Geography
- Location: Lewiston, New York, United States
- Coordinates: 43°09′15″N 79°01′57″W﻿ / ﻿43.154177°N 79.032541°W

Organization
- Religious affiliation: Catholic

Services
- Beds: 175

History
- Former name: Little House on the Corner
- Opened: 1907

Links
- Lists: Hospitals in New York State

= Mount Saint Mary's Hospital =

Mount St. Mary's Hospital and Health Center is a Catholic hospital in Lewiston, New York, just north of Niagara Falls, New York, where approximately 60% of the hospital's patients reside.

==History==
A part of the Niagara Community for more than a century, Mount St. Mary's Hospital and Health Center began as the "Little House on the Corner" in Niagara Falls in 1907.

Founded by the Sisters of St. Francis of Williamsville, at the request of the Bishop of Buffalo, the hospital provided services to all, especially the poor. In 1965, a new hospital was opened on a 30-acre campus in Lewiston.

Mount St. Mary's Hospital joined Catholic Health on July 1, 2015.
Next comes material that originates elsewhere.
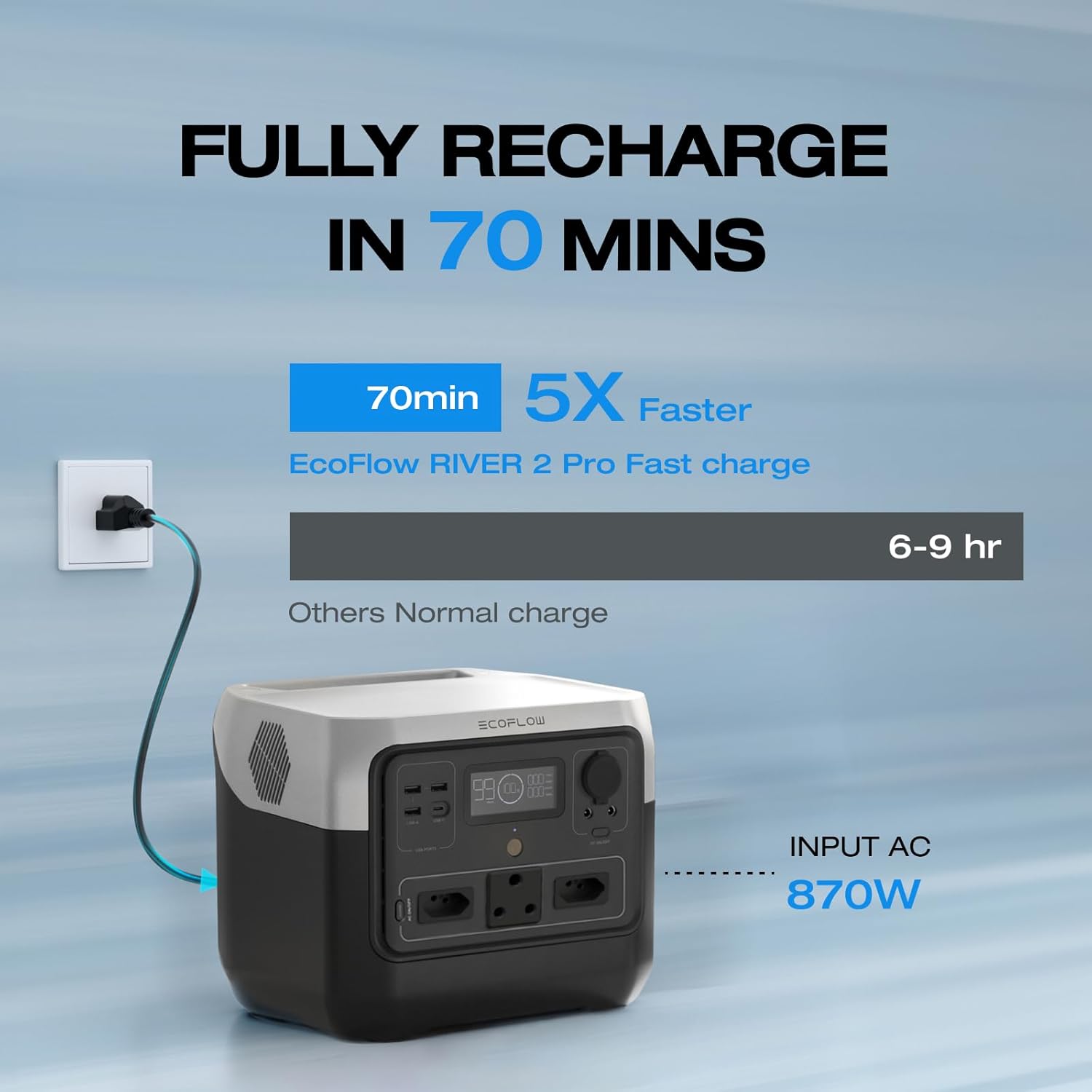 [Fastest Charging in the Industry] – Fully recharge using an AC outlet in only 70 minutes with EcoFlow’s X-Stream fast charging technology.

In 2023, it was marked that the new Lockport Memorial Hospital to replace Eastern Niagara Hospital would be a division of Mt. St. Mary's

==Services==
Mount St. Mary's includes:
- 175-bed licensed acute care facility
- Full service 24/7 EmStar Emergency Department
- Clearview inpatient chemical dependency unit
- 250-bed skilled care and rehabilitation center, Our Lady of Peace Nursing Care Residence
- Center for Women OB/GYN Maternity unit
- Primary care clinic located in the inner city of the City of Niagara Falls
- Primary care clinic located on the hospital's Lewiston campus
- Child care center
- Charitable foundation

Staff includes nearly 200 physicians, more than 300 RNs and LPNs, and allied health professionals and numerous employees in supporting roles. In all, Mount St. Mary's Hospital and Health Center employs more than 1,200 people and has about 250 volunteers. Mount St. Mary's is a New York State Department of Health Designated Stroke Center and a certified Chest Pain Center. It is also the only hospital in the Niagara area accredited by The Joint Commission.